Rebuttal: Julia Tarver Wood
Ms. Wood begins by addressing a question from the Judge on evidence of Google’s dominance in the market for open web display, where Dunn had suggested that Lee looked at transaction volume vs. the product market. She explained that log level data used by Dr. Lee to form his analysis is the evidence.
She then brings us home with a fast and fiery closing. She says as she watched this trial play out, she’s reminded of Dickens’ Tale of Two Cities - it’s up to the Court to decide which is consistent with what they heard on the witness stand - particularly from market participants (again nodding to Google calling only one not on payroll). Opinions of their experts were, she says, at war with the facts.
She says it’s rich to be accused of gerrymandering market definitions by a company that instructed employees to use preferred terms and speak freely only in automatically deleting chats, asking Judge again for adverse inferences. Wood claps back at the accusation by Google of DOJ making up points for litigation when it’s Google that switched positions between the California case and this one.
We go back to the 4 monopolists chart and how output expansion is not indicia of a lack of monopoly behavior. Markets can thrive while still having monopolists in them. She reminds the Court that while defense referenced TikTok, Amazon, and Facebook repeatedly, we never heard how they compete for open web display ads. Nine out of ten open web display transactions pass through Google’s hands, she explains. Google’s dominance was so pervasive that the industry came together to develop a “hack” to get around an ad server not serving its own customers.
All roads lead back to Google. After a HB auction, the price goes right back into the ad server for Google’s last look, she reminds. And so, despite HB being “alive and well today,” these figures are included in the market shares that DOJ presented to the court.

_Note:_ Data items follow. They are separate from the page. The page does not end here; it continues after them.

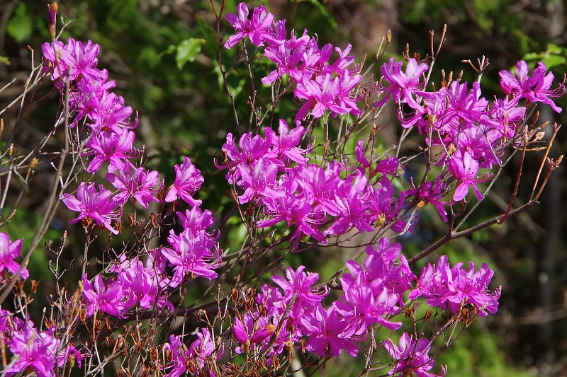 明るいピンクの花はミツバツツジです。現在公園内の各所で見頃になっています。チューリップ以外の季節のお花も探してくださいね。
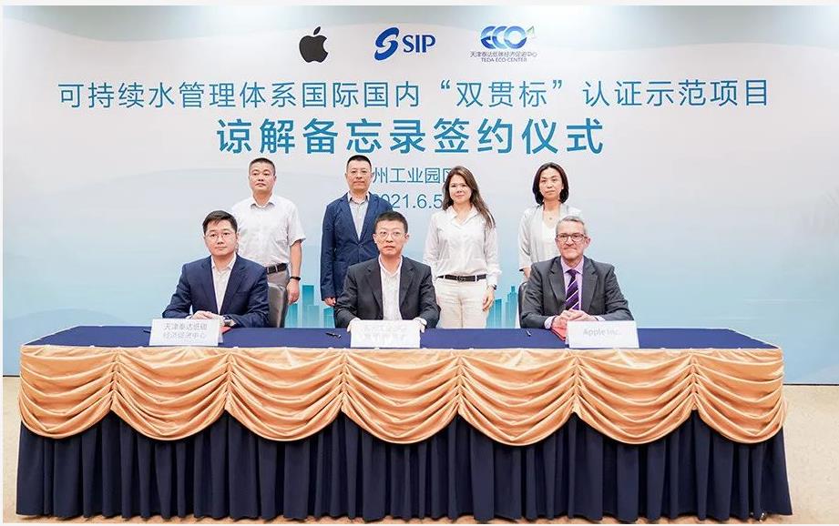 2021年6月5日,蘇州工業園區管理委員會與蘋果公司、天津泰達低碳經濟促進中心簽署諒解備忘錄,共同推動全球首例、國內首個產業園區可持續水管理體系國際國內“雙貫標”認證示范項目在園區落地。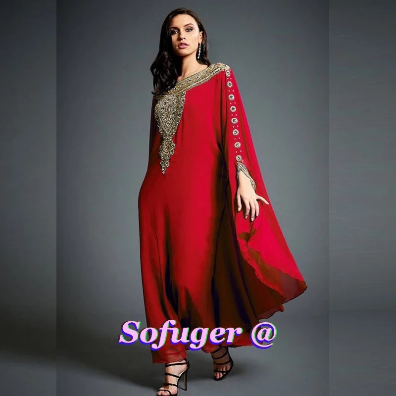 Длинные вечерние платья в мусульманском стиле, красные шифоновые платья для особых случаев в саудовском, арабском стиле, Женский вечерний костюм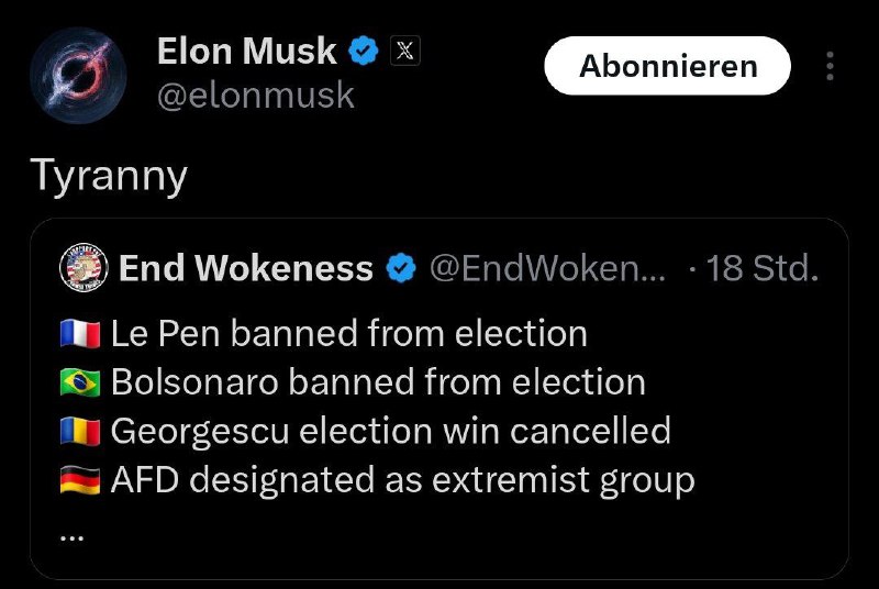 Der Tech-Milliardär Elon #Musk hat sich auf X kritisch zu den aktuellen politischen Entscheidungen gegenüber rechten Politikern geäußert. Er bezeichnete mehrere dieser Maßnahmen weltweit als Ausdruck von „Tyrannei“.
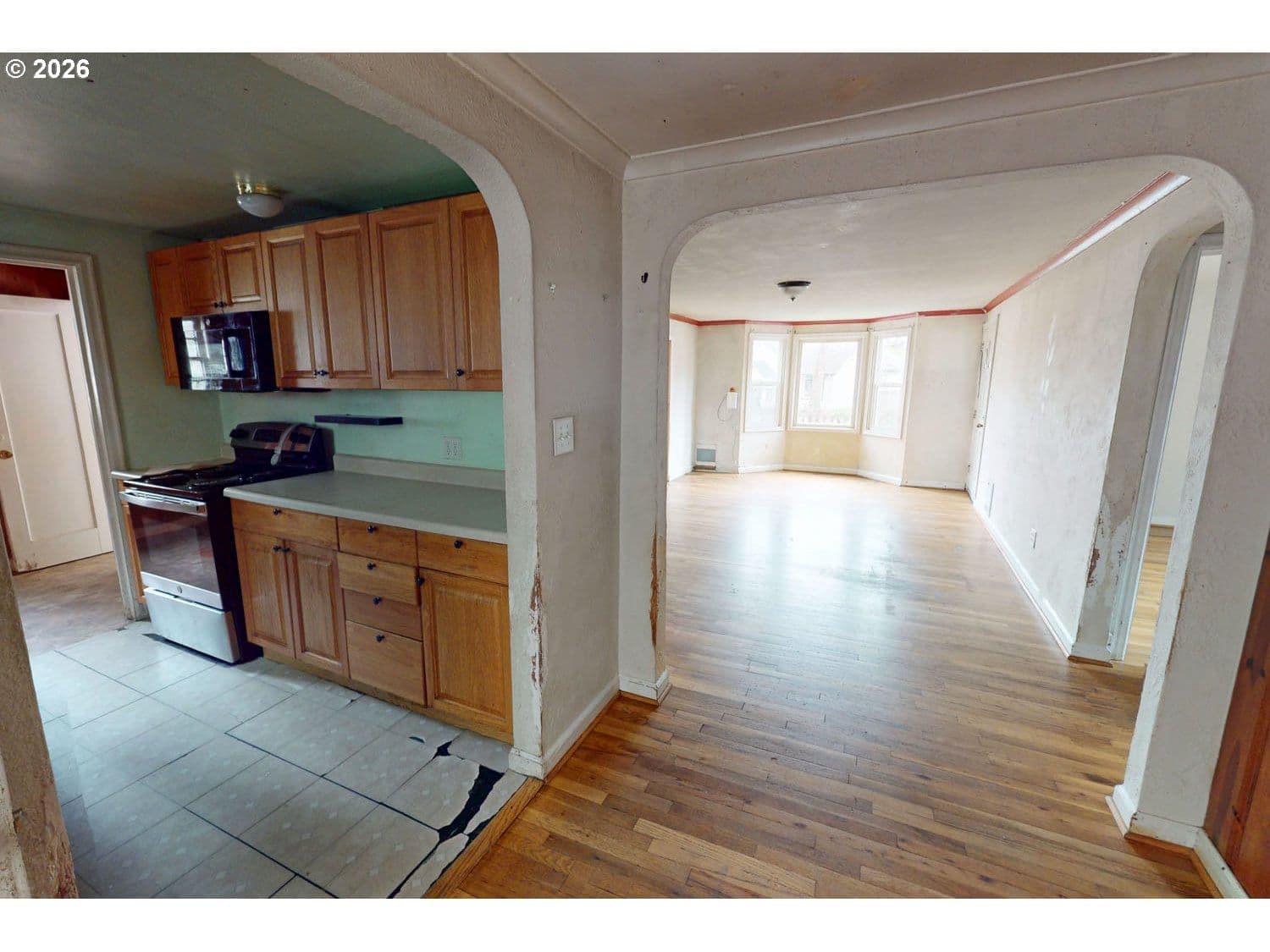 Cottage fixer has great potential for sweat equity! A few coats of paint and kitchen floor would do this home wonders! Hardwood floors throughout the bedrooms and living areas! Coved archways to kitchen & dining rooms. The 22 X 12 living room has a bay window overlooking entry way. Home backs up to Kelly Butte and is easy commute to downtown, shopping, essentials, and more! Cash or Rehab Loan would be best, so bring your hammer and your vision!
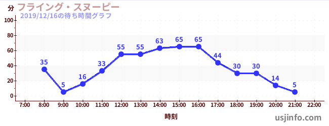 • フライング・スヌーピー$B$N(B2019年12月16日の待ち時間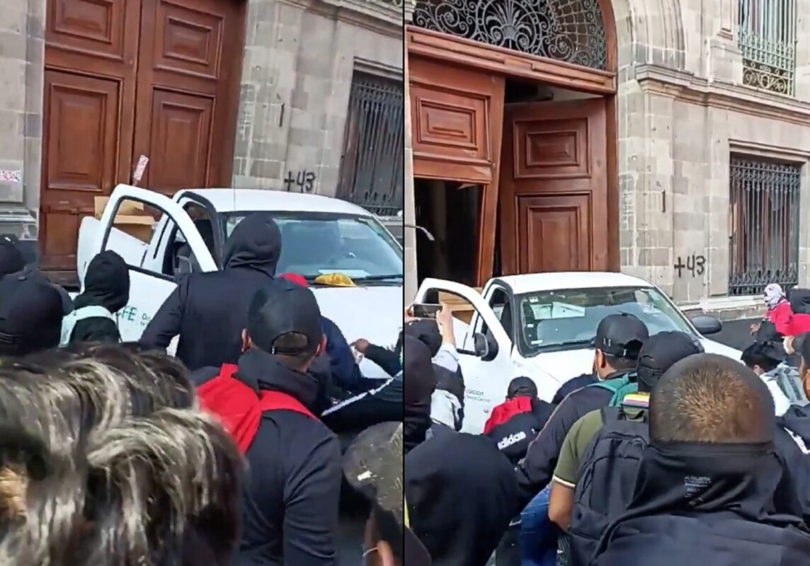 Cuando se desarrollaba la conferencia mañanera, un grupo de presuntos normalistas encapuchados de la Escuela Normal Rural “Raúl Isidro Burgos” de Ayotzinapa derribó la puerta número 1 de Palacio Nacional con una camioneta.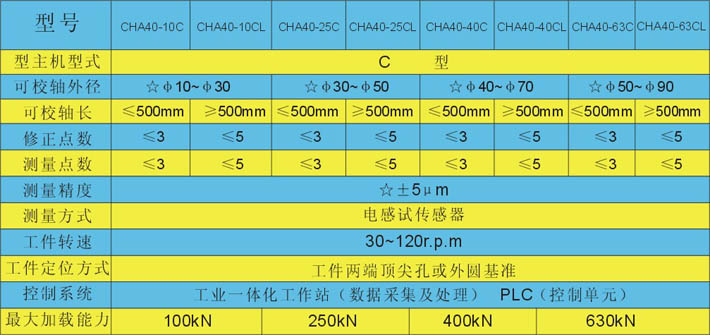 CHA40-C 精密液壓校直機(jī)主要技術(shù)指標(biāo)見下表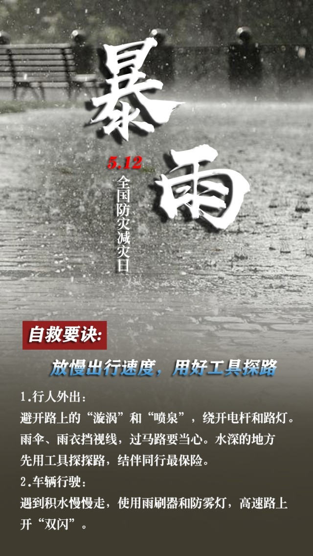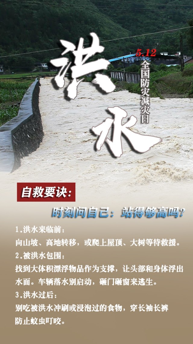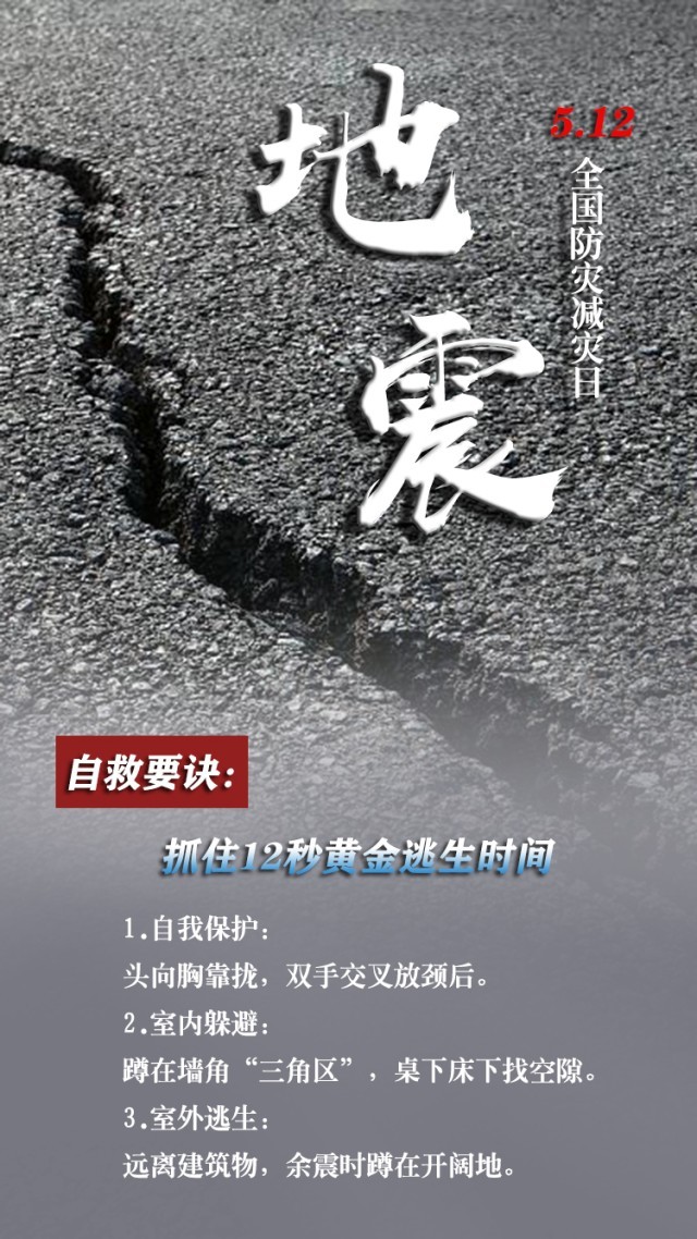 今天是第15個(gè)全國防災(zāi)減災(zāi)日。自然災(zāi)害隨時(shí)可能發(fā)生,及時(shí)自救才更有生存希望。地震來時(shí),如何抓住12秒黃金逃生時(shí)間?發(fā)生火災(zāi)時(shí),如何躲避火場(chǎng)濃煙?暴雨天如何安全出行?沙塵天氣如何做好防護(hù)……這份實(shí)用避險(xiǎn)口訣簡(jiǎn)單好記,請(qǐng)速速收藏。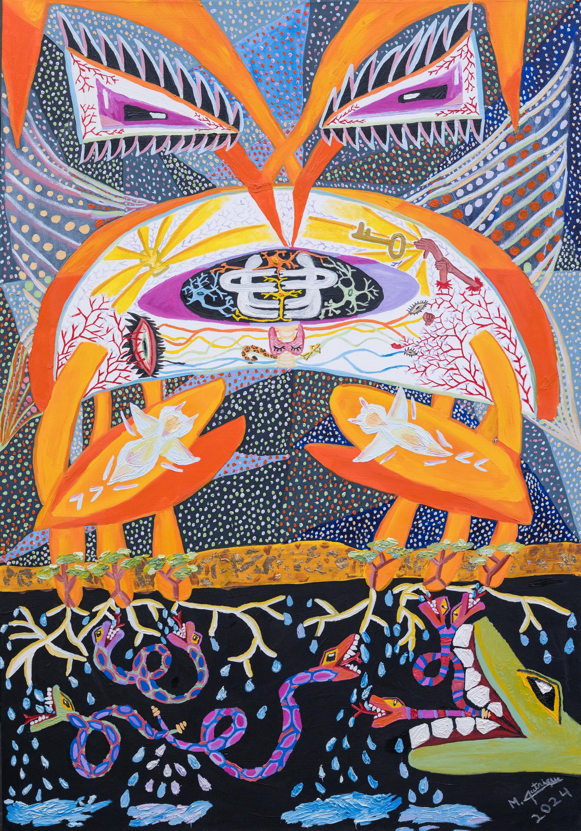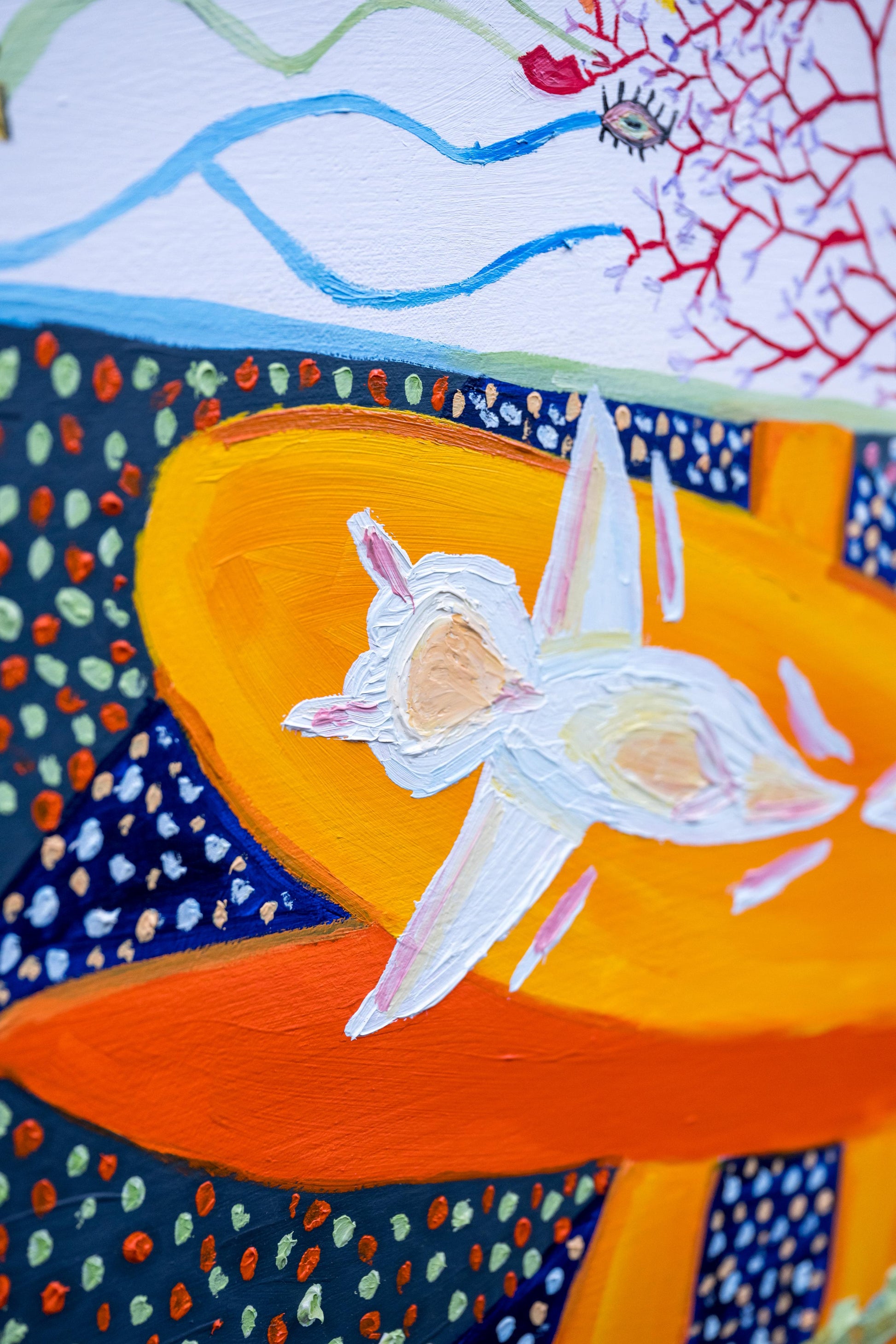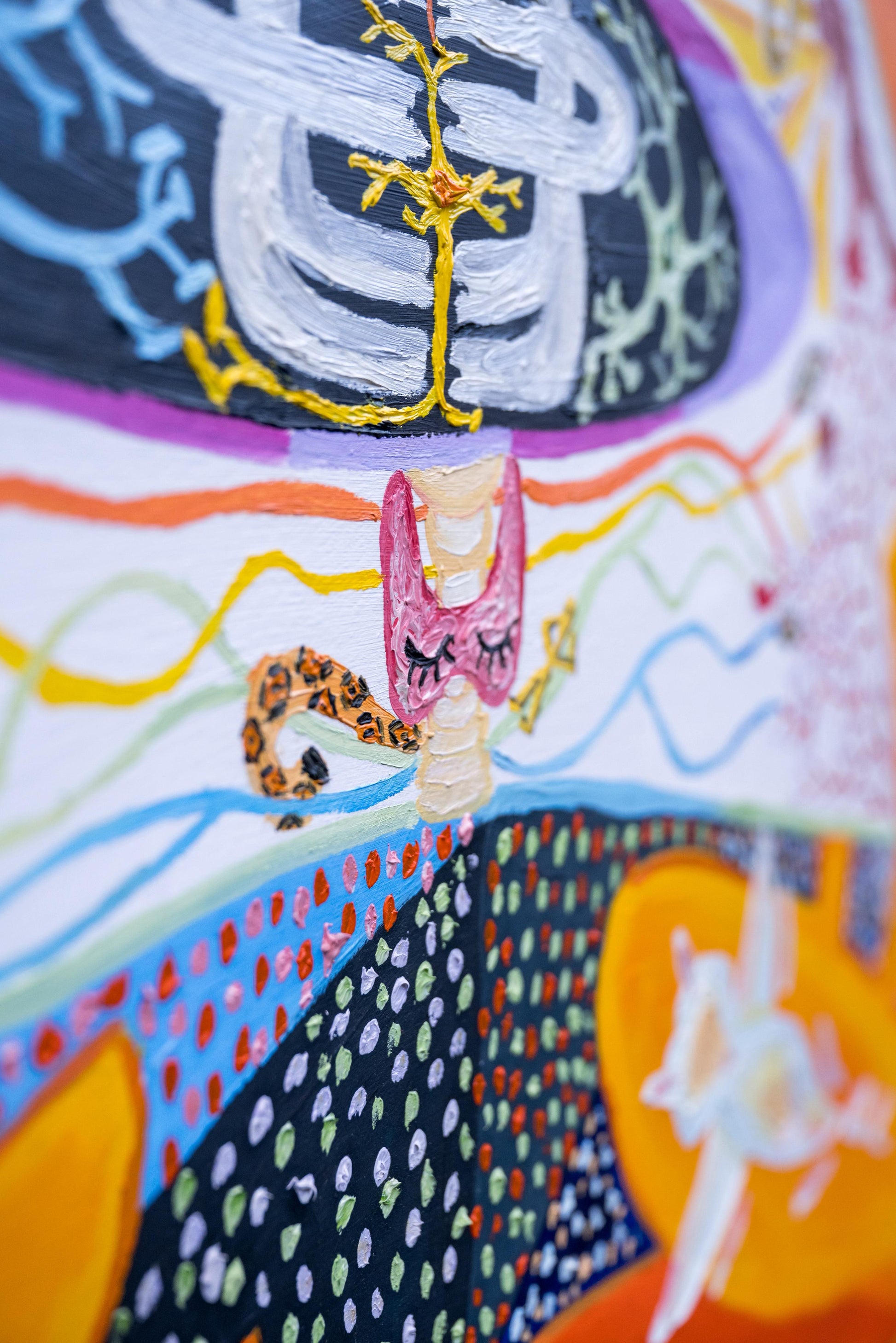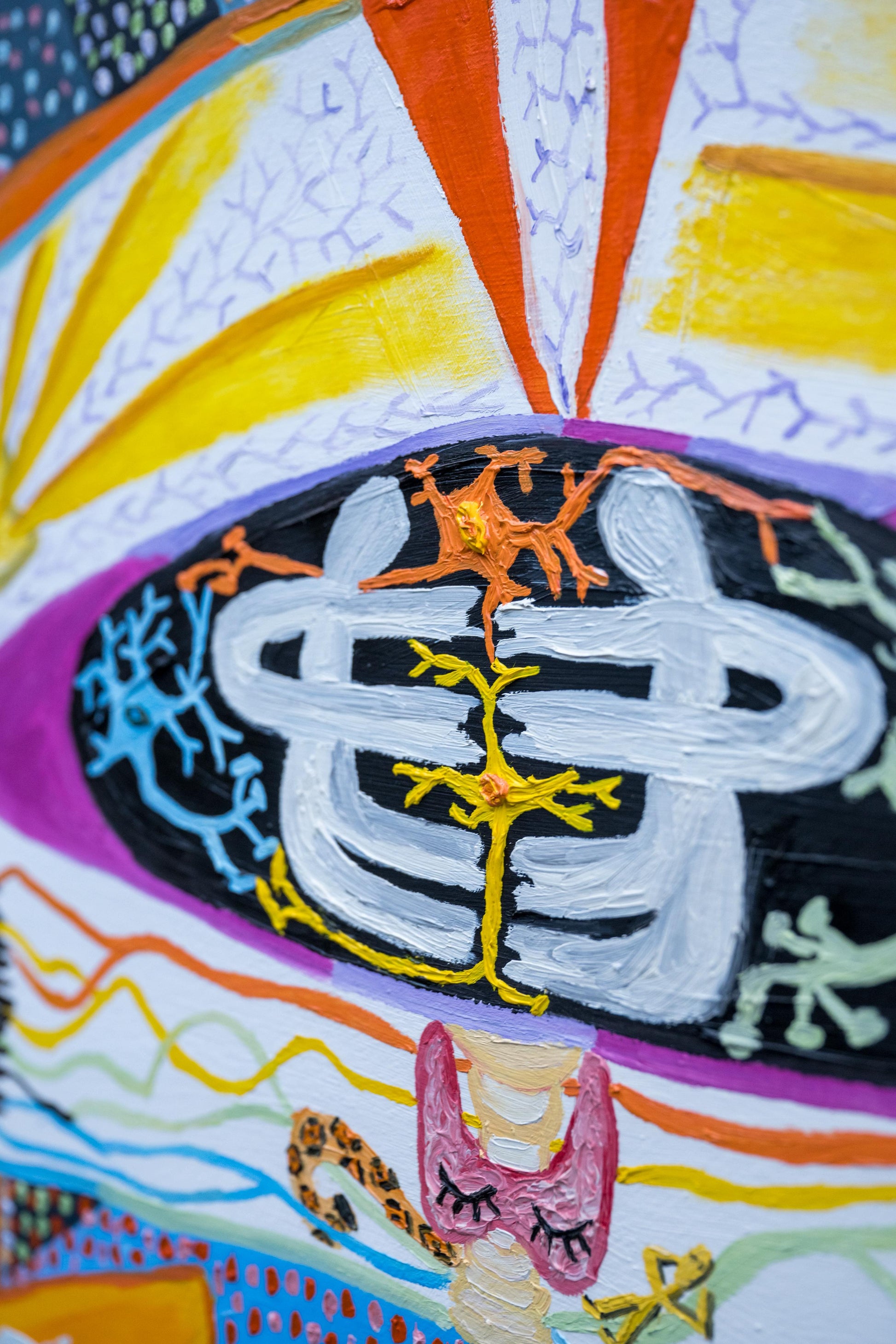 Esta pieza tiene muchas representaciones de mi relación con mi tiroides y mi cuerpo y el camino que estamos recorriendo juntos los tres para sanarla 🦋.

She speaks to the irrationally high rents Google is able to charge while degrading product quality, and the view by the market of Google as an “authoritarian intermediary,” calling back to Xoogler Chris LaSala’s statements. Wood calls Google on their games, saying that when you open up the aperture and zoom out you lose sight of the details and the realities - maybe all that matters is buyers and sellers, for example - but that this obscures the purpose of antitrust. As Judge Brinkema makes a Dickens/guillotine joke, Ms. Wood brings her rebuttal to a close. DOJ isn’t asking the Court to overturn Amex or Trinko - simply to apply facts as the Judge has heard them to the law as it has been written.
What comes next?
Judge Brinkema closes us out by reiterating that this is the best tried case of her career, and she’s incredibly happy with how both sides argued their cases and treated one another.
With that, we wait for a decision. No further update from what we heard at end of trial, which was that EOY may not be possible, seeming to suggest a Q1 ‘25 opinion.